Long Suffering Wife

Friday, October 28, 2005


This was told to me by someone last night as an illustation of "willpower" and faith.

I think in truth it sums up most of the women I know when it comes to cake, chocolate, shoes etc! better than anything I've ever read before....

Toad baked some cookies. “These cookies smell very good,” said Toad. He ate one. “And they taste even better,” he said. Toad ran to Frog’s house. “Frog, Frog,” cried Toad, “taste these cookies that I have made.”
Frog ate one of the cookies, “These are the best cookies I have ever eaten!” said Frog.
Frog and Toad ate many cookies, one after another. “You know, Toad,” said Frog, with his mouth full, “I think we should stop eating. We will soon be sick.”
“You are right,” said Toad. “Let us eat one last cookie, and then we will stop.” Frog and Toad ate one last cookie. There were many cookies left in the bowl.
Frog,” said Toad, “let us eat one very last cookie, and then we will stop.” Frog and Toad ate one very last cookie. “We must stop eating!” cried Toad as he ate another.
“Yes,” said Frog, reaching for a cookie, “we need willpower.”
“What is willpower?” asked Toad.
“Willpower is trying hard not to do something you really want to do,” said Frog.
“You mean like trying hard not to eat all these cookies?” asked Toad.
“Right,” said Frog.
Frog put the cookies in a box. “There,” he said. “Now we will not eat any more cookies.”
“But we can open the box,” said Toad.
“That is true,” said Frog.
Frog tied some string around the box. “There,” he said. “Now we will not eat any more cookies.”
“But we can cut the string and open the box.” said Toad.
That is true,” said Frog.
Frog got a ladder. He put the box up on a high shelf. “There,” said Frog. “Now we will not eat any more cookies.”
“But we can climb the ladder and take the box down from the shelf and cut the string and open the box,” said Toad.
“That is true,” said Frog.
Frog climbed the ladder and took the box down from the shelf. He cut the string and opened the box.
Frog took the box outside. He shouted in a loud voice.
“Hey, birds, here are cookies!” Birds came from everywhere. They picked up all the cookies in their beaks and flew away.
“Now we have no more cookies to eat,” said Toad sadly.
“Not even one.”
“Yes,” said Frog, “but we have lots and lots of willpower.”
“Naff this” said Toad. “You can keep all your willpower Frog, I'm going home now to bake a cake!”

Monday, October 24, 2005

Nine out of ten cats

Following the awful news from home that one of my friends has advanced stage breast cancer I have struggled to put into words how I feel about it.

According to the breast cancer awareness website one in nine women will have breast cancer at sometime in their lives. Following a quick tally of female friends that means that over 10 of us, according to the statistics, will be fighting the silent killer at some point in our lives.

It's left me flat and I've got to the point where crying in work about the injustice of it all is a possibility.

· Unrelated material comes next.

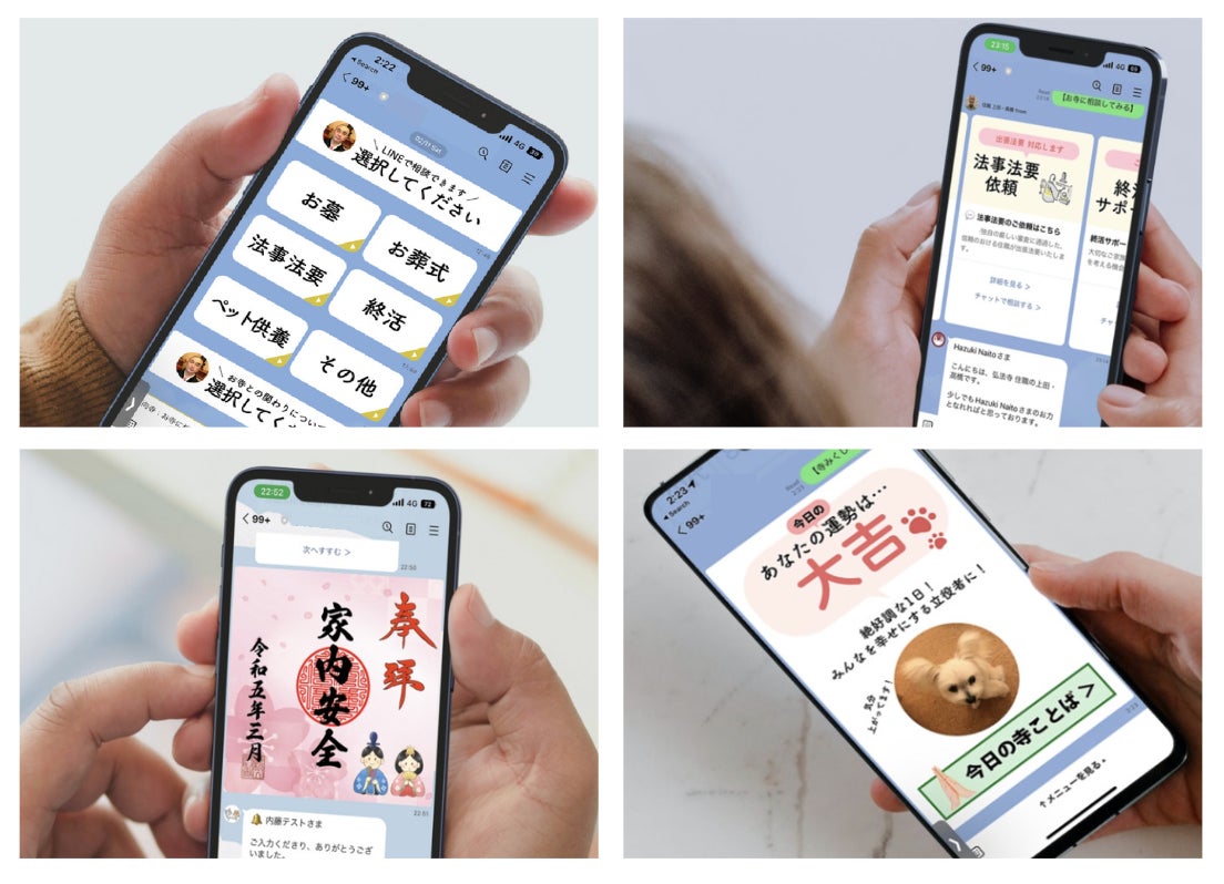 新たにアプリをダウンロードする必要はありません。各寺社のLINE公式アカウントを友だち追加するだけで、すぐに利用できます。日本人の9割以上が日々使用する「LINE」*1のなかに、まるでオリジナルアプリのような便利な機能を搭載して、ユーザーにお届けすることができます。

Wednesday, October 19, 2005

Joke du Jour

"There are 10 types of people who understand binary,

those who do and those who don't"

OK so it made the techicie in me laugh when I was told it!

Tuesday, October 18, 2005

Hear No Evil

Every day I travel to work on public transport and have done for years. The best thing about it is being able to read a selection of newspapers without buying one and overhearing people's conversations.

In the last weeks I have been privilage to such lovlies as
"She's such a pushy mother I'd never do that to Amy....... I think Amy should continue to dance so I'm going to make sure that she's in the Panto even if she doesn't want to be"

"It's a shame these Fathers for Justice feel the need to dress up like tw*ts all they do it attract attention to themselves"

"I've found a lump in my sack and I'm too embarrased to tell the doctor about it" - Why love you've just told 30 strangers.

So next time your on the bus watch out, you never knopw who's listening

Tuesday, October 11, 2005

Orange Liquid

The wife and I went to Brum this weekend to celebrate the forthcoming doctorate of a friend from university. That is eight years from the moment that he started at university with us to finally being forced to look for paid employment.

So celebrating we a went into Brum and to the pub which specialises in cider and real ale. And so started the night of the orange pint. It felt fine to start with, but

Mistake number one - when asking for a half and being refuse, on account of being a girl, accept this rejection rather than stating "OK make it a pint then!"

Mistake number two - staying at the pub in a lock in until 2pm, having been drinking since lunch time.

Now I'm in the lucky minority who don't usually get hangovers and as such can't really deal with them on the minimal number of occasions with which they occur.

As such I spent Sunday in bed asleep and throwing up on trains and hoping the world would just f@*k off and let me die.

And that brings me onto the other issue - why are there always delays on the train lines when you want to be home yesterday?